- TASK DETAILS -
Below this line is a listing that includes pictures. Copy exactly, and only, the lines from the one containing "KEY (nurse_ID) );" through the one containing "旧版效果:刹那之花对敌人造成"; the pictures do not go in the copy.

- EXCERPTED DATA -
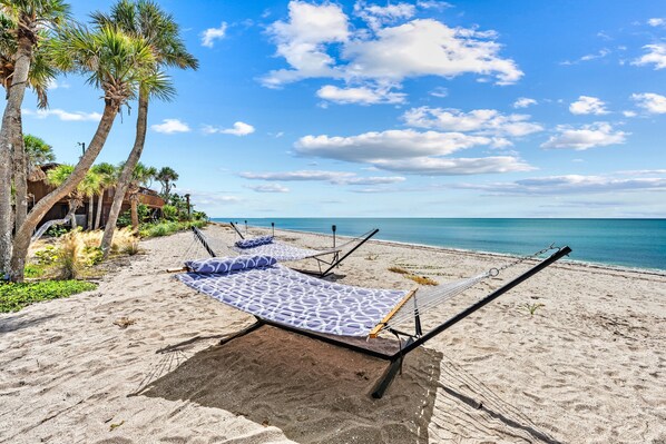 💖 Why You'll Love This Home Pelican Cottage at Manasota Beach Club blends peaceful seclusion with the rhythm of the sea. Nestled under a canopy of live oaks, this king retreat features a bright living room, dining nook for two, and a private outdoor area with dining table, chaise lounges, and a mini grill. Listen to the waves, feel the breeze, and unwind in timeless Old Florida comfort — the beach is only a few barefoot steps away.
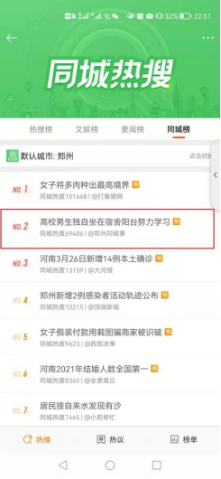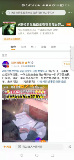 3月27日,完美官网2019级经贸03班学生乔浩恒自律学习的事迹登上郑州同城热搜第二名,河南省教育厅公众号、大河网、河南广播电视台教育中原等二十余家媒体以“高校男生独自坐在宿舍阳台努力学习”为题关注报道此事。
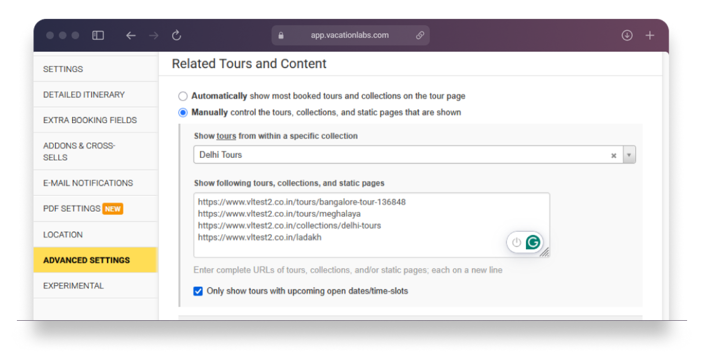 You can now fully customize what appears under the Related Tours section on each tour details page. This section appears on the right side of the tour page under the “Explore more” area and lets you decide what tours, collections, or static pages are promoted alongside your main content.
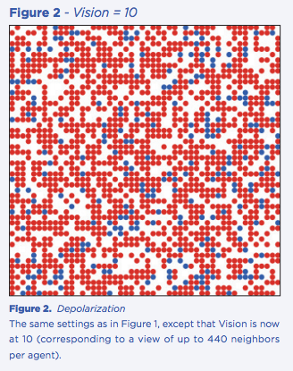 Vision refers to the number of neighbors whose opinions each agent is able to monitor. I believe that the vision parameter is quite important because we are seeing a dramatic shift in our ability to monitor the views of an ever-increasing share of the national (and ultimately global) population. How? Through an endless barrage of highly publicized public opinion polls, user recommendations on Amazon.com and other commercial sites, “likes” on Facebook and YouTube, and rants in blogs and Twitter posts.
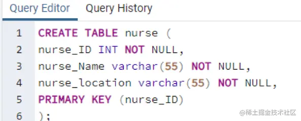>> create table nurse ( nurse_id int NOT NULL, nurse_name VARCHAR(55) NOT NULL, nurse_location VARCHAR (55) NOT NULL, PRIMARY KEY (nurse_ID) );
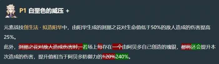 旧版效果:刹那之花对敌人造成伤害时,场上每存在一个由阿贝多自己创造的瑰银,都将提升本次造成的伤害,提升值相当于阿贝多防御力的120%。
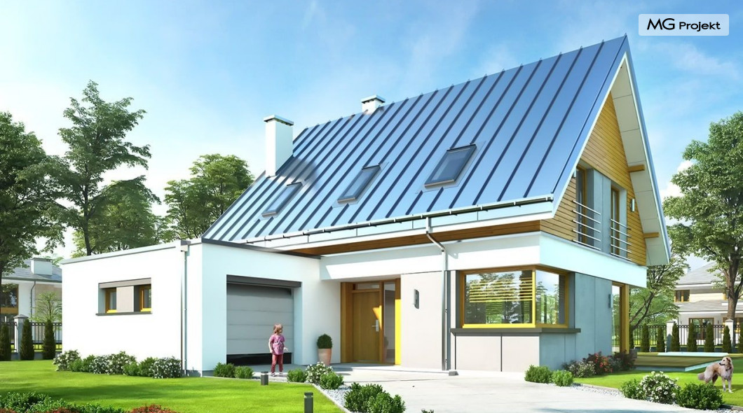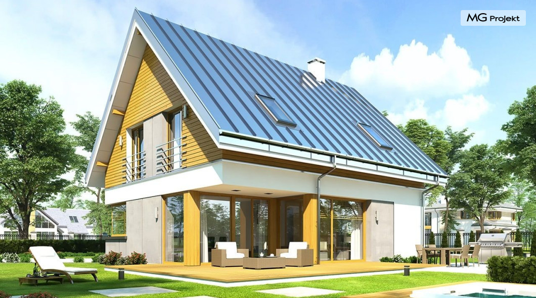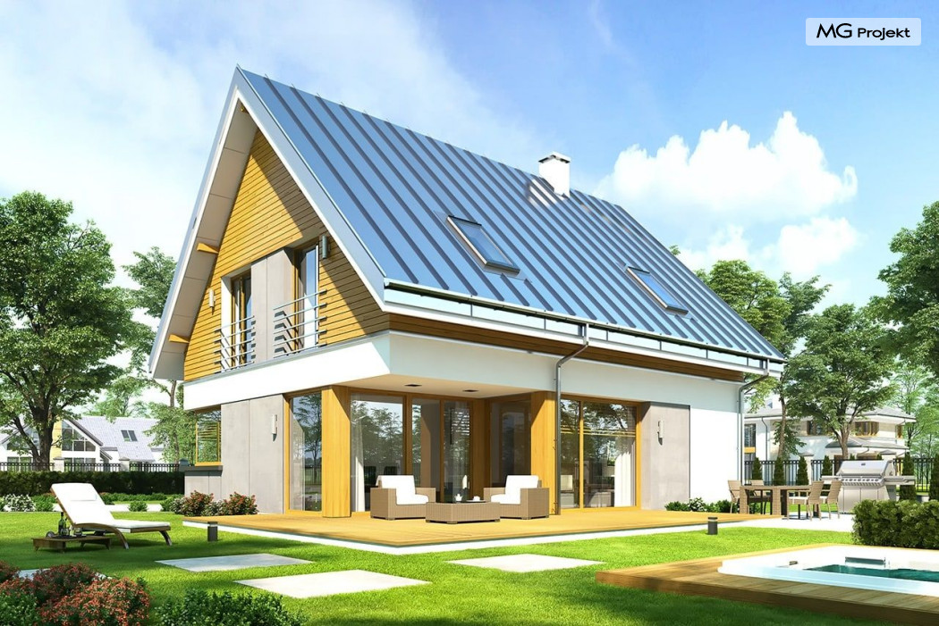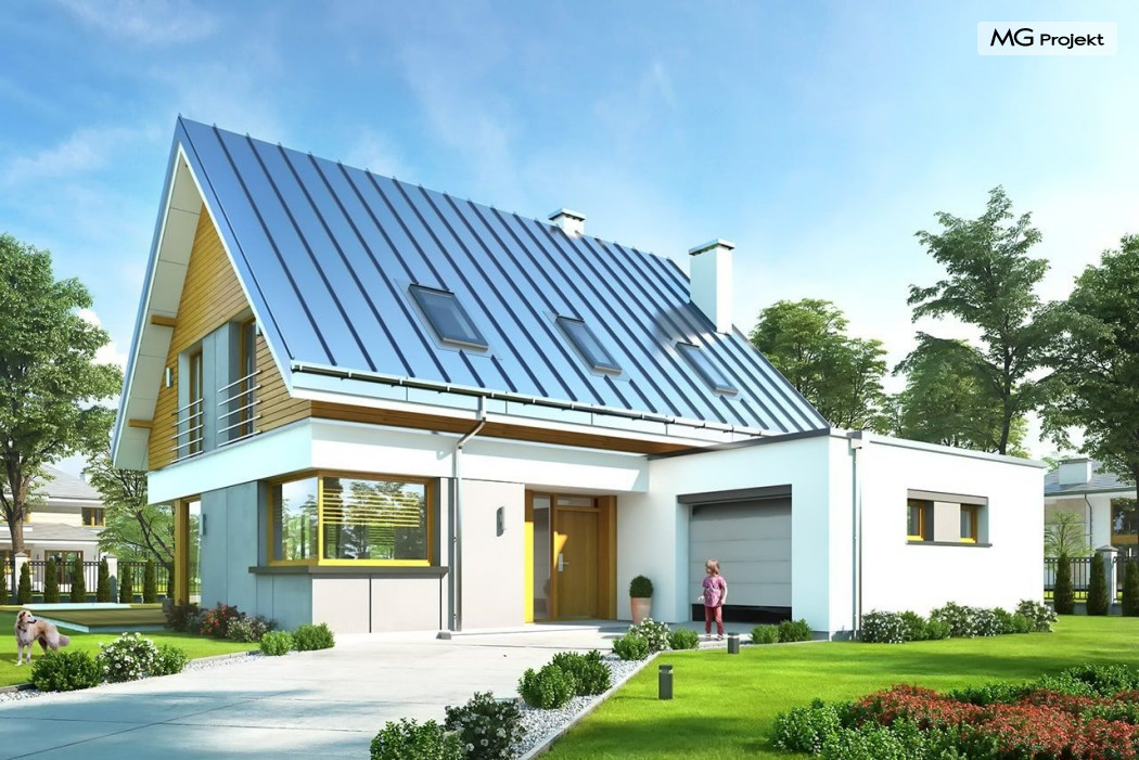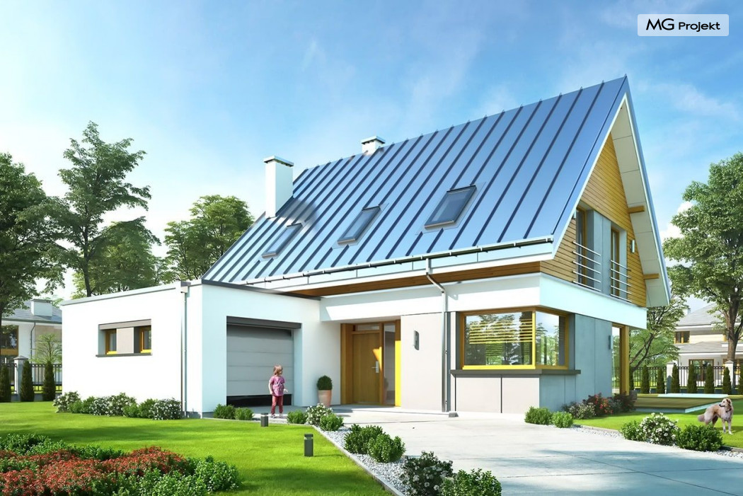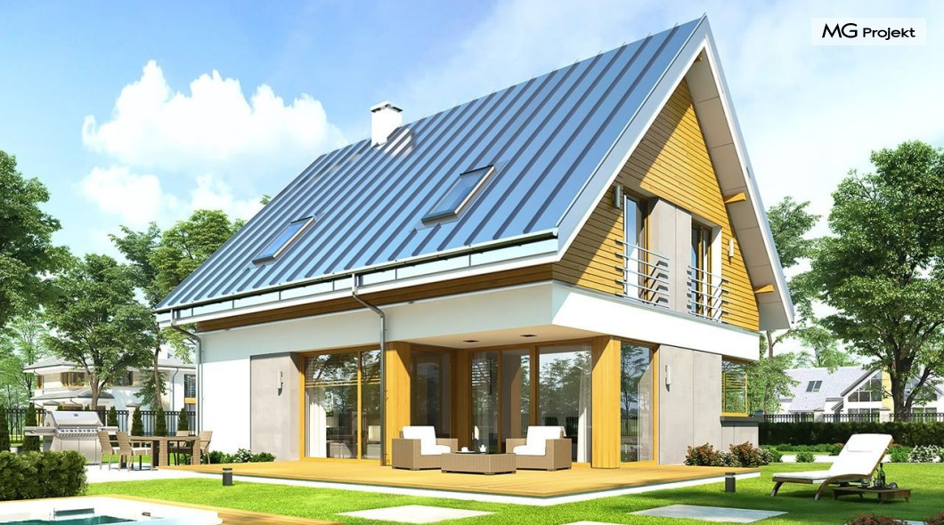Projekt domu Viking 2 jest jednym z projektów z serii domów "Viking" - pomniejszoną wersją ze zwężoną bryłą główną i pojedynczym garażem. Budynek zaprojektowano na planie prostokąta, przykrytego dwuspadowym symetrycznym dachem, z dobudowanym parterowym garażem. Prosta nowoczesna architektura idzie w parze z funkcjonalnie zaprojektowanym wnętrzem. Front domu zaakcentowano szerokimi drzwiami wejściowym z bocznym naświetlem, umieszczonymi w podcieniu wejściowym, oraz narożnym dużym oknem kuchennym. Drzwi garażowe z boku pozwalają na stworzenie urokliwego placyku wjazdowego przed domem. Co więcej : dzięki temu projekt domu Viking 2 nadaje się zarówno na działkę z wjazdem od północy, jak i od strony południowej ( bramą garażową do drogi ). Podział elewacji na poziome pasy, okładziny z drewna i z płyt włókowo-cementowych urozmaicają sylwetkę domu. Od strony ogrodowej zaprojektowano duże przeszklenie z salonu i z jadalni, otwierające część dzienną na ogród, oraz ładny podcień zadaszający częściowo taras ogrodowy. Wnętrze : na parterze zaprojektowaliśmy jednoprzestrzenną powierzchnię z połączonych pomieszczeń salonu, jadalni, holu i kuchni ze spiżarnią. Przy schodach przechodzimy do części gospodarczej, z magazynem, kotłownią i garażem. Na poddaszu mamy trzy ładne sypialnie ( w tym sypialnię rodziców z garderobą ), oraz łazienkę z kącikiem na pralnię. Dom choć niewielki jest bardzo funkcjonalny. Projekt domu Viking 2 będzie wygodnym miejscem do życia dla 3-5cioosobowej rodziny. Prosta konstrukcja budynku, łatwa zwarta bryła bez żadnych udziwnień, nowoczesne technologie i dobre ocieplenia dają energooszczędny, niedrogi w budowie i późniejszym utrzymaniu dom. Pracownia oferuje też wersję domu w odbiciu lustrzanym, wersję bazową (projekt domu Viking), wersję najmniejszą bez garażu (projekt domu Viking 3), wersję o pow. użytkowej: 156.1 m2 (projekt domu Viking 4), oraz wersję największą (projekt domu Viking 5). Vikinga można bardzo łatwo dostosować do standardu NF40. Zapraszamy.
...
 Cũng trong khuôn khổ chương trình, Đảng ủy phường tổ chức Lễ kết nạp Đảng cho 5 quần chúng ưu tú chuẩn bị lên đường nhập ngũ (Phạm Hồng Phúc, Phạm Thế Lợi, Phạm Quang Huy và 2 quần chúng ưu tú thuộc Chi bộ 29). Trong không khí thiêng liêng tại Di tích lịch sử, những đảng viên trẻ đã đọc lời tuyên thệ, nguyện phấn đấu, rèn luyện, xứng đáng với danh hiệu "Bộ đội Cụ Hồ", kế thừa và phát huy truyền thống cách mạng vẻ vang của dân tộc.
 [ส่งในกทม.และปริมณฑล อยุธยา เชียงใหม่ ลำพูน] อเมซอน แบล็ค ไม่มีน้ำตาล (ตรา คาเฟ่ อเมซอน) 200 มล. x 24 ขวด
--
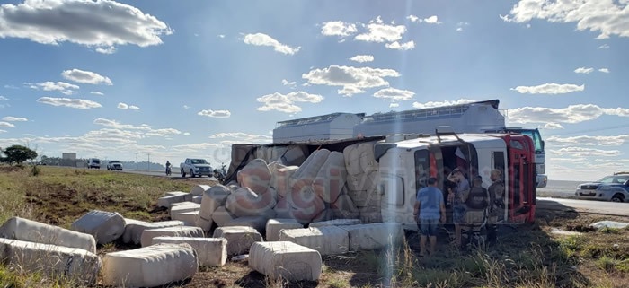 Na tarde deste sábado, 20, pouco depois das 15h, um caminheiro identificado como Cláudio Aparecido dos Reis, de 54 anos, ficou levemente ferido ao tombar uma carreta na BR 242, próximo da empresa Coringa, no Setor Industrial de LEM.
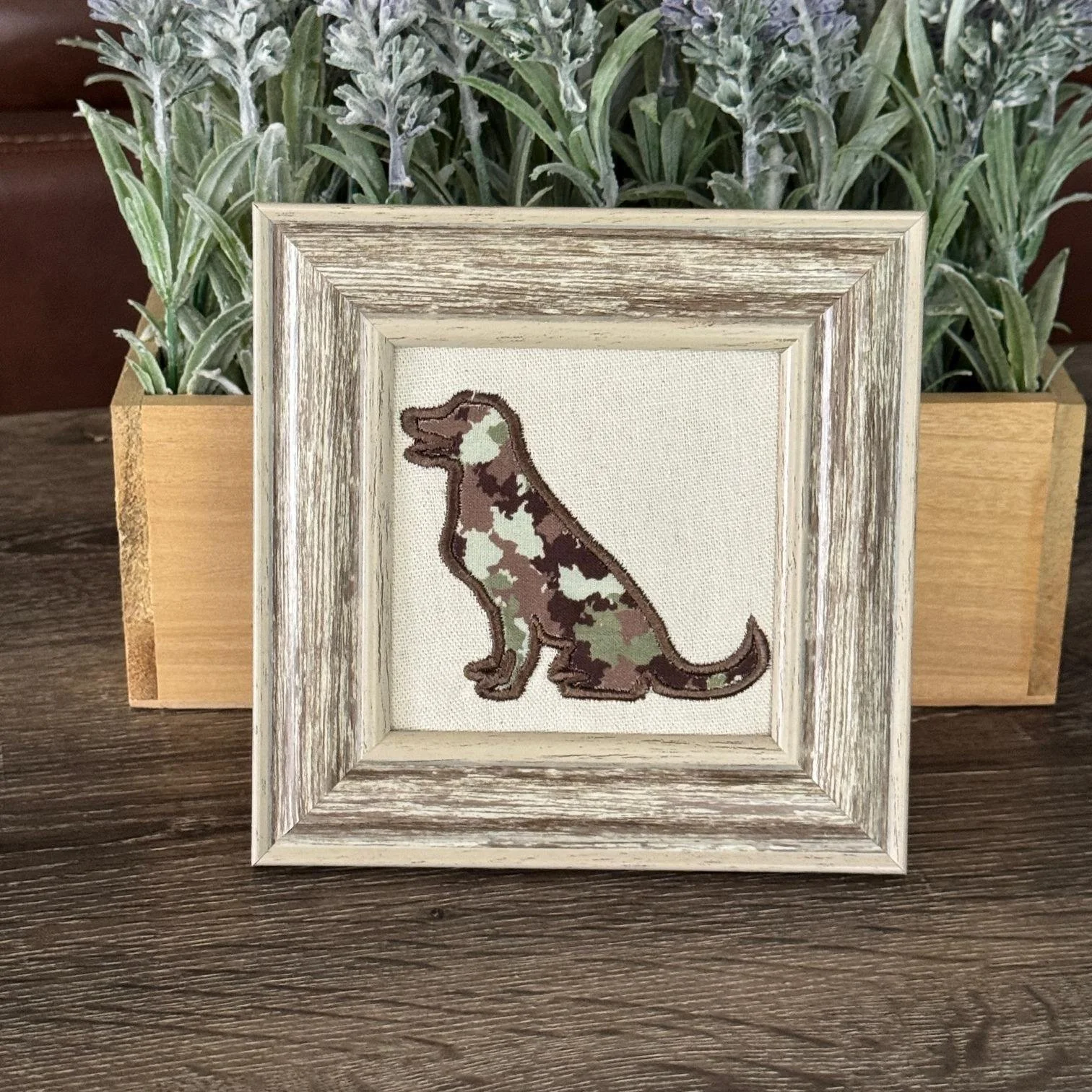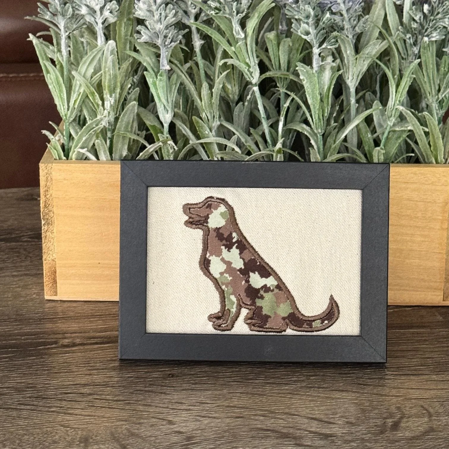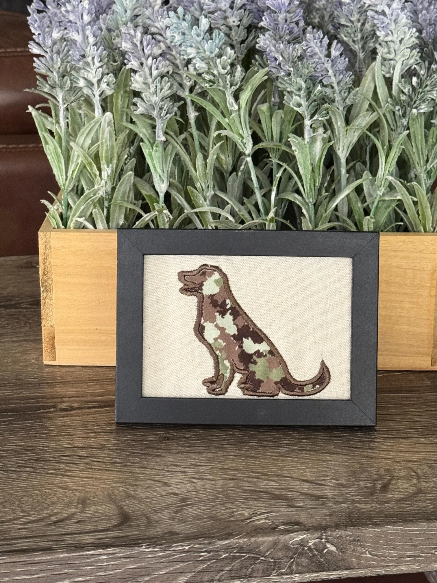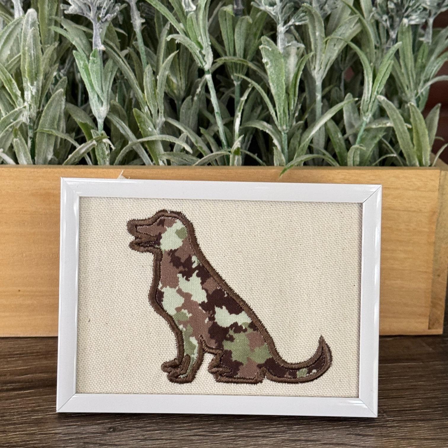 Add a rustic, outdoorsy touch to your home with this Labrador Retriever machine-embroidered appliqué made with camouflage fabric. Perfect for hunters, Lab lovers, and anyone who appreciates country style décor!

- REPLY TO THE EXERCISE -
>> create table nurse ( nurse_id int NOT NULL, nurse_name VARCHAR(55) NOT NULL, nurse_location VARCHAR (55) NOT NULL, PRIMARY KEY (nurse_ID) );
 旧版效果:刹那之花对敌人造成伤害时,场上每存在一个由阿贝多自己创造的瑰银,都将提升本次造成的伤害,提升值相当于阿贝多防御力的120%。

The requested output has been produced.